---------- Data below
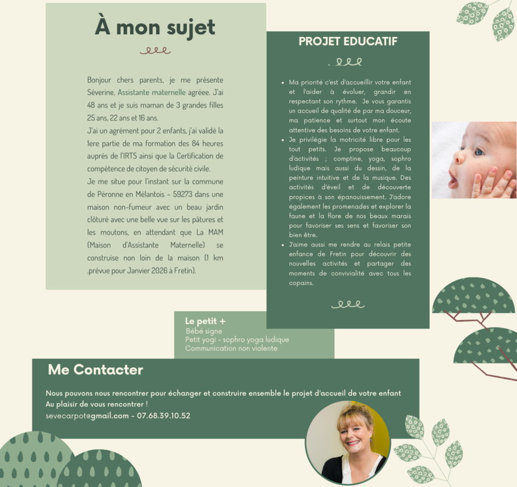 Avant d'être assistante maternelle, j'ai été éducatrice spécialisée et animatrice petite enfance. J'ai diverses expériences en structure spécialisée, en crèche, micro crèche ainsi qu'en garde à domicile.
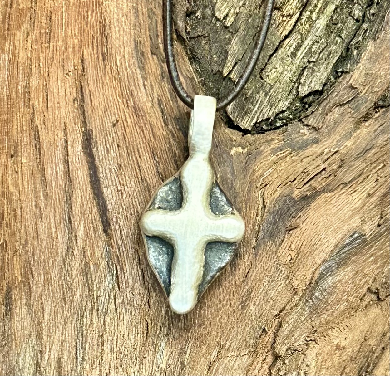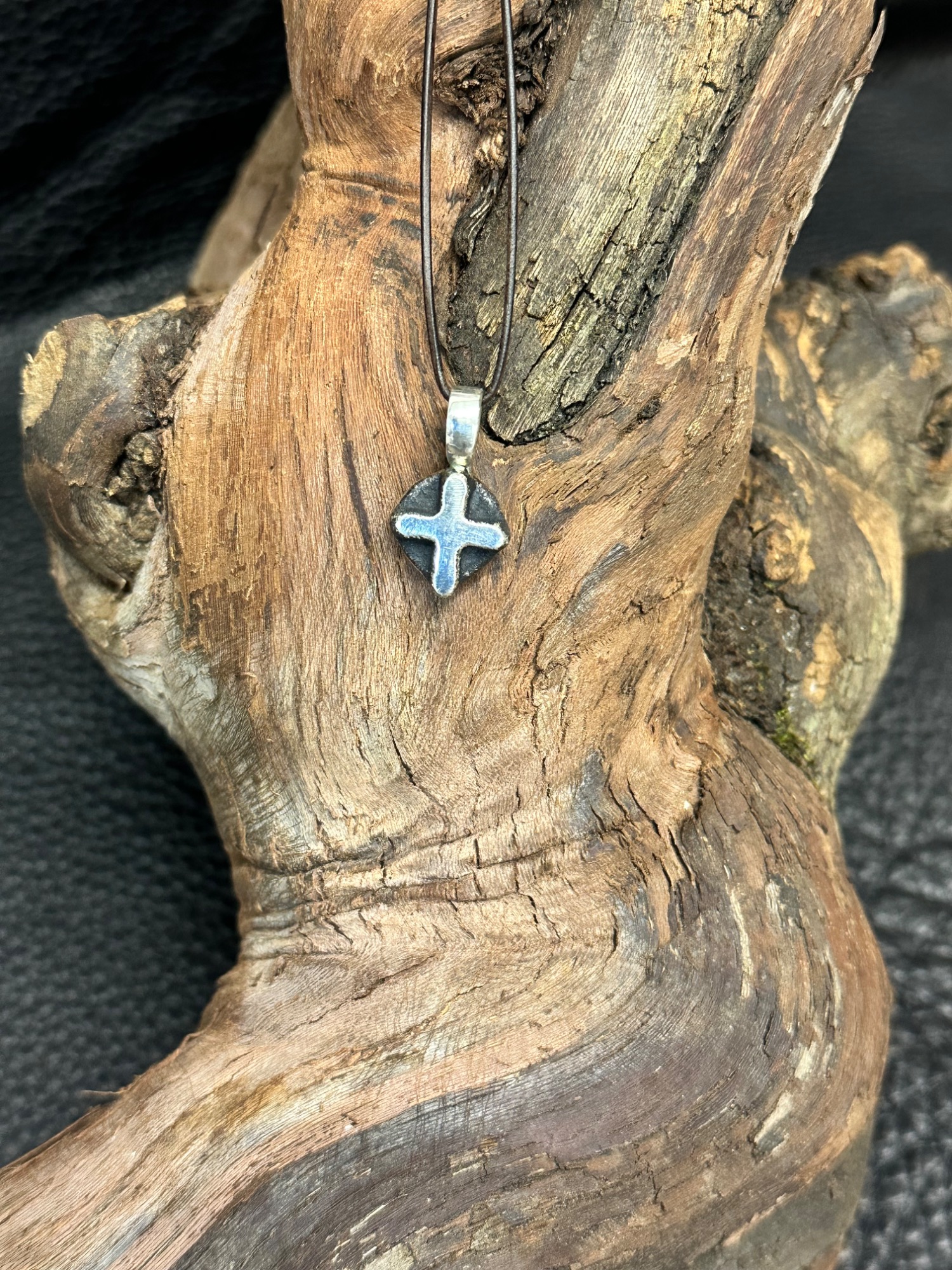 Silberkreuz 925er ca. 9,1 gr. Fläche poliert, mit Silberoxid geschwärzt. Maße: h 27,1 mit Öse, b 15,7, Öse 7 mm innen Knorzekreuz 1428
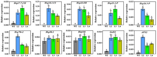 Expression of stress-related genes in WT and transgenic lines. Total RNAs were isolated from WT and transgenic plants grown for 10 days under normal conditions. Three biological replicates were used for each line. The Arabidopsis Actin2 gene was used as an internal standard. All data represent means ± SD. Different lowercase letters above the bars denote significant differences at the p < 0.05 level. Hsp17.7-CII (AT5G12030), Hsp18.1-CI (At5g59720), Hsp22-ER (At4g10250), Hsp25.3-P (At4g27670), Hsp26.5-P (At1g52560), Hsp70t-2 (At2g32120), Hsp90.1 (At5g52640), Hsp101 (At1g74310), GolS1 (At2g47180), and APX2 (At3g09640).
--------------------
» **Work required**
Return the listing verbatim, pictures omitted.

» **Problem solution**
 Avant d'être assistante maternelle, j'ai été éducatrice spécialisée et animatrice petite enfance. J'ai diverses expériences en structure spécialisée, en crèche, micro crèche ainsi qu'en garde à domicile.
 Silberkreuz 925er ca. 9,1 gr. Fläche poliert, mit Silberoxid geschwärzt. Maße: h 27,1 mit Öse, b 15,7, Öse 7 mm innen Knorzekreuz 1428
 Expression of stress-related genes in WT and transgenic lines. Total RNAs were isolated from WT and transgenic plants grown for 10 days under normal conditions. Three biological replicates were used for each line. The Arabidopsis Actin2 gene was used as an internal standard. All data represent means ± SD. Different lowercase letters above the bars denote significant differences at the p < 0.05 level. Hsp17.7-CII (AT5G12030), Hsp18.1-CI (At5g59720), Hsp22-ER (At4g10250), Hsp25.3-P (At4g27670), Hsp26.5-P (At1g52560), Hsp70t-2 (At2g32120), Hsp90.1 (At5g52640), Hsp101 (At1g74310), GolS1 (At2g47180), and APX2 (At3g09640).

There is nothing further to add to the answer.